She nodded and lifted a library book. I smiled and nodded my acknowledgment. Anna was an avid reader, for sure, and I wondered anew how Danny, who obviously had no time for
books, had snagged the tall, Amazon-like reader.
Chapter Seven
Maddie
I checked the chart outside the door, and alarm bells jangled along my nerves.
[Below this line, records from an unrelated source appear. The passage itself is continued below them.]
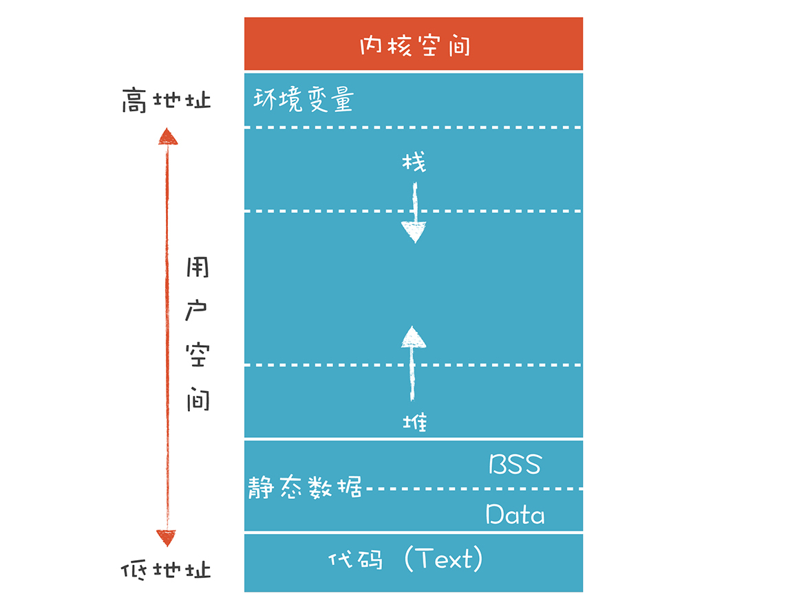 程序在运行时,操作系统会给它分配一块虚拟的内存空间,让它在运行期可以使用。我们目前使用的都是64位的机器,你可以用一个64位的长整型来表示内存地址,它能够表示的所有地址,我们叫做寻址空间。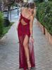 Europeu e Americano 2025 Primavera Amazon Transfronteiriço Novo Cor Pura Malha Renda Sexy Recorte Vestido de Alças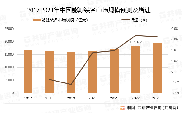 作为我国关键的高新技术装备制造业之一,能源装备行业在为能源行业发展提供重要支撑的同时,也必须适应市场的新变化,实现转型升级,达到更大的发展。2022年,我国能源装备市场规模为18316.2亿元,同比增长6.75%;预计2023年能源装备市场规模将达到19515.8亿元。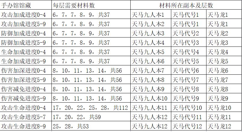 我收集统计整理了目前手办馆馆藏升级所需的材料,方便老玩家们提前刷即将出的新卡馆藏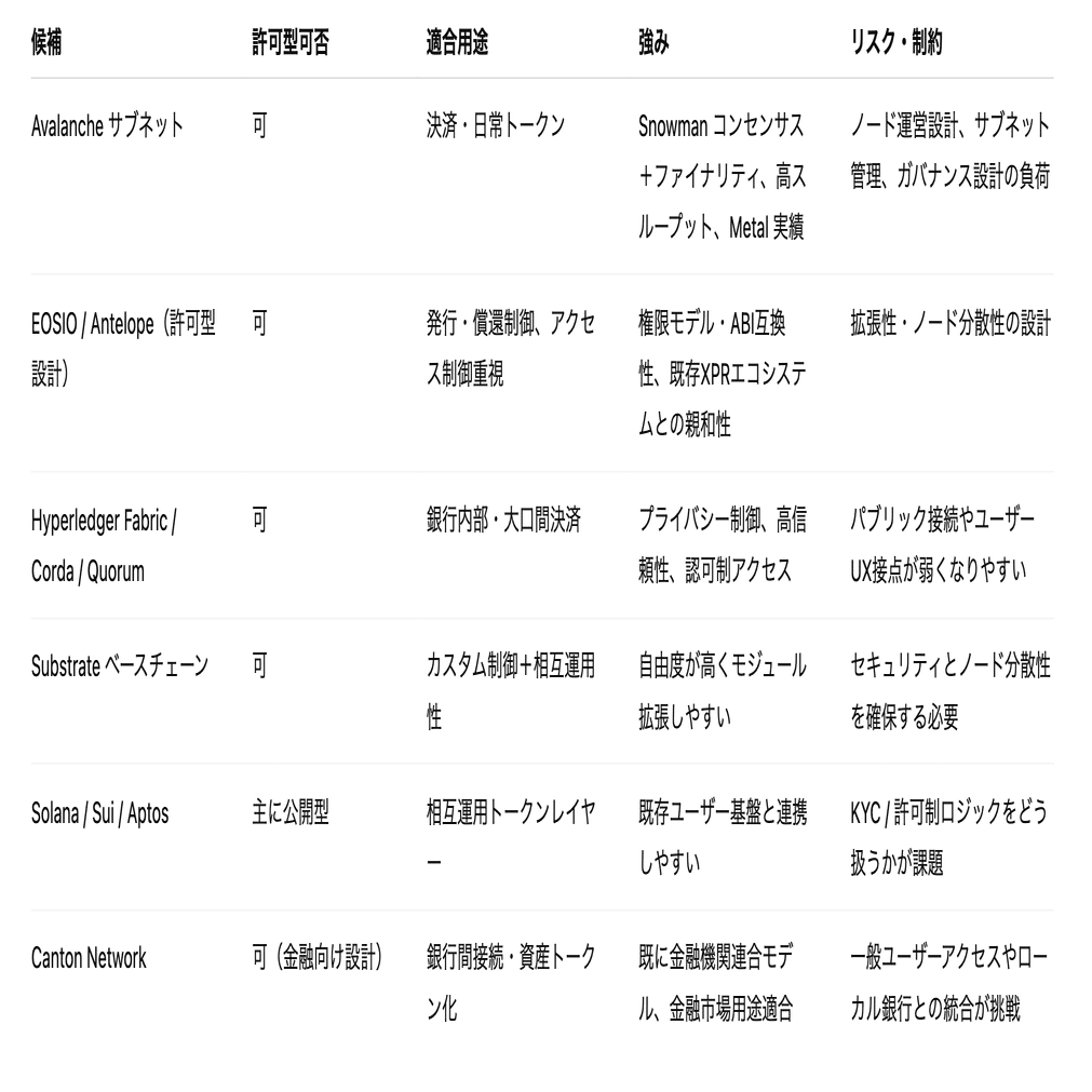 信用組合型ステーブルコインに導入しうるチェーン候補と、それぞれがどの用途に強いかの目安はこんな感じです。
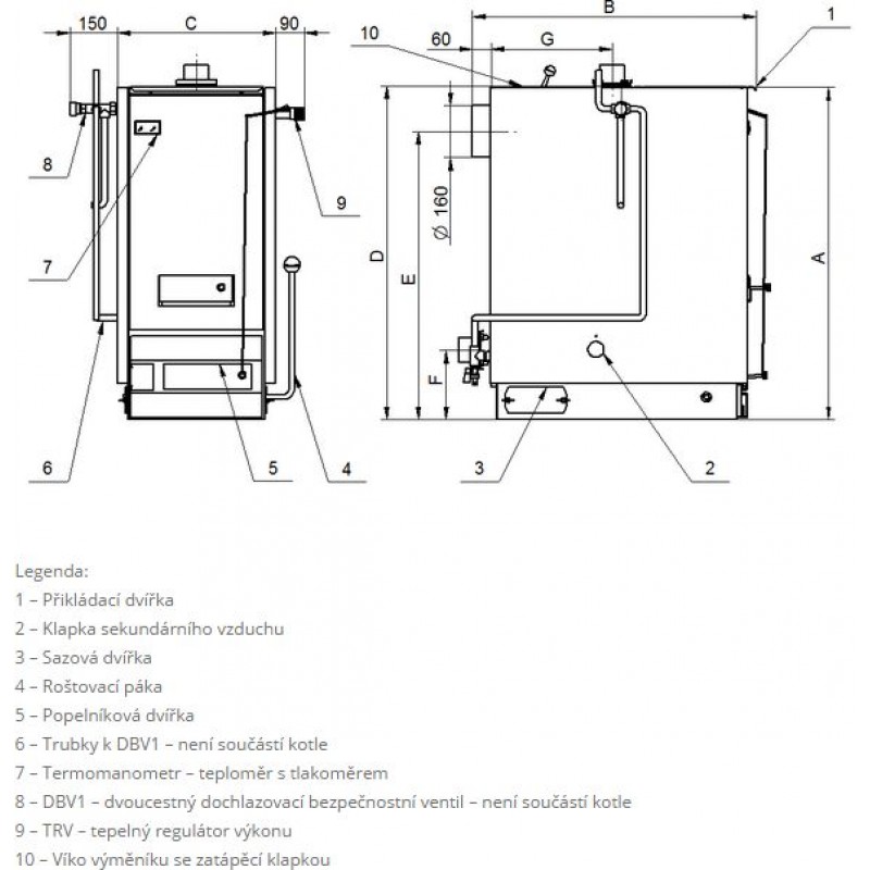 Kouřovod je v ose kotle na zadní straně. Zatápěcí klapka se ovládá z horní části kotle.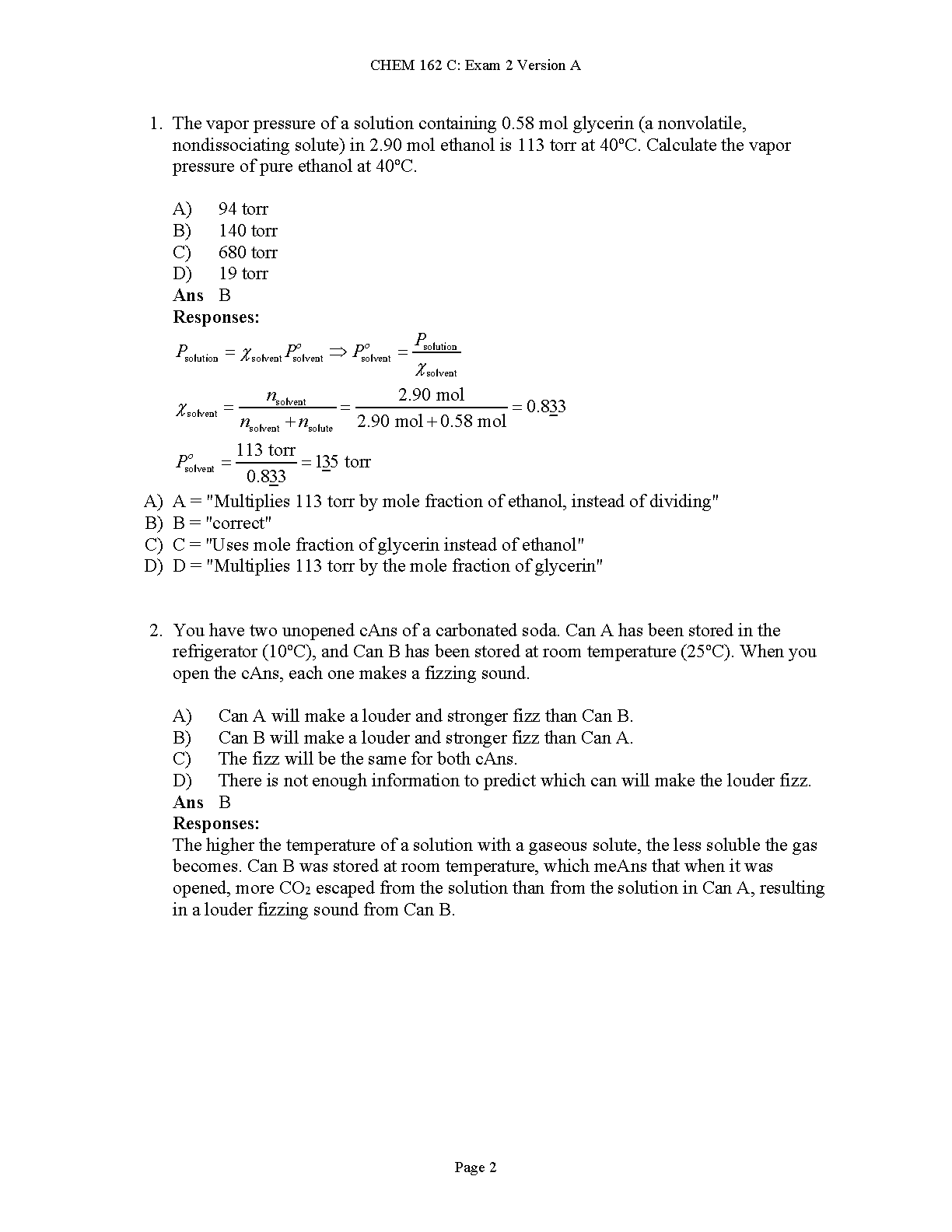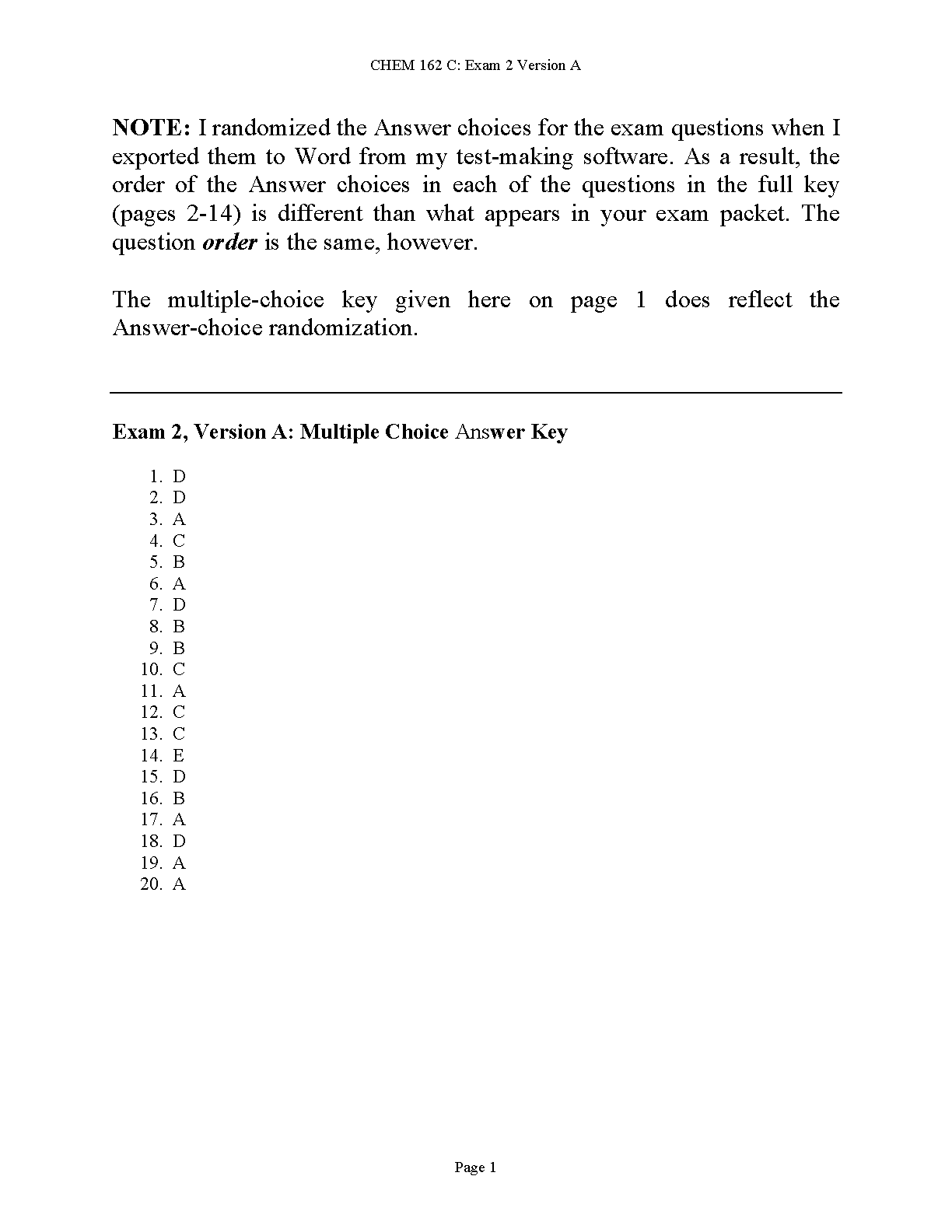 CHEM 162 Exam 2 Version A Multiple Choice Answer Key - 2024/2025 Edition

Danny Matthews was a strapping thirty-three year old. There was no reason for him to be suffering from crippling diarrhea that he claimed had persisted for more than a month. He’d also lost too much weight. So many possibilities ran through my mind, not the least of which was cancer or someone poisoning him.
“Get a grip,” I muttered to myself. “It’s probably IBS.”
I opened the door. Danny, a tall, burly man who usually weighed more than two hundred and eighty pounds, sat on the examining table. I looked him over as I shook his hand. His eyes were sunken, proof that he was not resting and that he was obviously dehydrated. Taking a deep breath through my nose, I determined that there was no smell of alcohol on him, so it probably wasn’t due to chronic alcoholism, which could lead to diarrhea. Not that he’d suffered from that disease in the past. I took a seat at the little work surface and reopened the chart.
“Well, Danny. I see you’ve lost more than twenty pounds this month. That’s not good.” I turned to face him.
He smiled tremulously and spread his hands. “Well, Anna said I needed to lose a few,” he joked. I could see his underlying fear and wished I had the wherewithal to reassure him.
“Not the healthiest way,” I said as I pulled a diarrhea history template from the stack of forms on the clipboard from the hook next to my work area. “Let’s see if we can get to the bottom of this. These questions may seem kind of personal, but they’re important if we’re going to help you get better. Okay?”
I waited for his nod.
“So, you said this has been going on for about a month? Is there anything that you can think of that might have contributed to this? Started it off?”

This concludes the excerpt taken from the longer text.